**Work item:** Please restate, word for word, the lines below that begin at the one with "Bu ücretsiz kurs" and end at the one with "Questo dispositivo è". Leave out all other lines.

**Material to process:**
════════

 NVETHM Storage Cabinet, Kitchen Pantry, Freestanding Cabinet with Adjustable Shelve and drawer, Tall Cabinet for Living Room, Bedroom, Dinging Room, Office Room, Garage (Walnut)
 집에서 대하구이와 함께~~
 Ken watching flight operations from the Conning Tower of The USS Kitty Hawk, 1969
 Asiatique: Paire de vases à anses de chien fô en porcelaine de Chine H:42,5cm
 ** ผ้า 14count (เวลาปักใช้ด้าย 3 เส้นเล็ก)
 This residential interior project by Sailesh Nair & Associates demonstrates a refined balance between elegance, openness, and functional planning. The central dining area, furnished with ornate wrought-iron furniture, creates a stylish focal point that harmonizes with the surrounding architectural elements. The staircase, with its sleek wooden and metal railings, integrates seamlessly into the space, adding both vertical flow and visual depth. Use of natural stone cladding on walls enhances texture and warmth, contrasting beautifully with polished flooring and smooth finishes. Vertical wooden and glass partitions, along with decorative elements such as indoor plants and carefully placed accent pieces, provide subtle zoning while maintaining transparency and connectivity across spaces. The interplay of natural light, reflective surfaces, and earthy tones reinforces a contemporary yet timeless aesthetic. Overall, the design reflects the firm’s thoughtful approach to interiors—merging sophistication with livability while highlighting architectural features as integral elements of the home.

════════

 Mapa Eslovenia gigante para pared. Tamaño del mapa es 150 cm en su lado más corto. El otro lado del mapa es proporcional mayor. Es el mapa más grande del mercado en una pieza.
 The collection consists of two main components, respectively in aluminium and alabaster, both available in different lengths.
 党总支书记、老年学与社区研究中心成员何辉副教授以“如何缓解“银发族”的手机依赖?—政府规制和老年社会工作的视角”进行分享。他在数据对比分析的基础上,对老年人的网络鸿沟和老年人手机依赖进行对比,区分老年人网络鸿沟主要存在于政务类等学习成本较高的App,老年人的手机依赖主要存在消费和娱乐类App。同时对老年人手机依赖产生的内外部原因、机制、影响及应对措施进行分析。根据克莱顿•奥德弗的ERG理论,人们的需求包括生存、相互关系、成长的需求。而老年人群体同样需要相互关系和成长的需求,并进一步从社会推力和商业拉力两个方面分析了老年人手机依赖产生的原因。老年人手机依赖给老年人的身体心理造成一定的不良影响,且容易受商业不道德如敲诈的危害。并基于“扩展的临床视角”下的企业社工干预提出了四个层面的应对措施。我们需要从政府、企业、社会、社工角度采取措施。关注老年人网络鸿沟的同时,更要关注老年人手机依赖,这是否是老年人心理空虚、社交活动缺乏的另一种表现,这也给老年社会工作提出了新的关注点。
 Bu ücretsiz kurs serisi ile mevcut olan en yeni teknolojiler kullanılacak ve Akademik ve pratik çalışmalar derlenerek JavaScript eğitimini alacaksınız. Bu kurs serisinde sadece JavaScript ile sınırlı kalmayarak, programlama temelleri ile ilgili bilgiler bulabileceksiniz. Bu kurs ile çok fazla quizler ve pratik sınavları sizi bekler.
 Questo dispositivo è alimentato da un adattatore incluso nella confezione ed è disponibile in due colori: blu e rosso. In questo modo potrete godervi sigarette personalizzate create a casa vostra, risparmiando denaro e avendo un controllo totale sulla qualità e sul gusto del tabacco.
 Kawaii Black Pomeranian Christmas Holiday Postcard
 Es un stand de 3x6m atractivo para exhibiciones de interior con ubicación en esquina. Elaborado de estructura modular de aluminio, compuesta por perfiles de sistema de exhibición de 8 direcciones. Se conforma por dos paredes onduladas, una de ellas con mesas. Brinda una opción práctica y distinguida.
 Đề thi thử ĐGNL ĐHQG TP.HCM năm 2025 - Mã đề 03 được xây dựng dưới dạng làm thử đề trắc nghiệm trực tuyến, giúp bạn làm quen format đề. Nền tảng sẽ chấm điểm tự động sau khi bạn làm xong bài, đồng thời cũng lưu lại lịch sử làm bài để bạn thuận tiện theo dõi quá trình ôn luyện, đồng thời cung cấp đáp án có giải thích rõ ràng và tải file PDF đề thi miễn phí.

════════

**Problem solution:**
 Bu ücretsiz kurs serisi ile mevcut olan en yeni teknolojiler kullanılacak ve Akademik ve pratik çalışmalar derlenerek JavaScript eğitimini alacaksınız. Bu kurs serisinde sadece JavaScript ile sınırlı kalmayarak, programlama temelleri ile ilgili bilgiler bulabileceksiniz. Bu kurs ile çok fazla quizler ve pratik sınavları sizi bekler.
 Questo dispositivo è alimentato da un adattatore incluso nella confezione ed è disponibile in due colori: blu e rosso. In questo modo potrete godervi sigarette personalizzate create a casa vostra, risparmiando denaro e avendo un controllo totale sulla qualità e sul gusto del tabacco.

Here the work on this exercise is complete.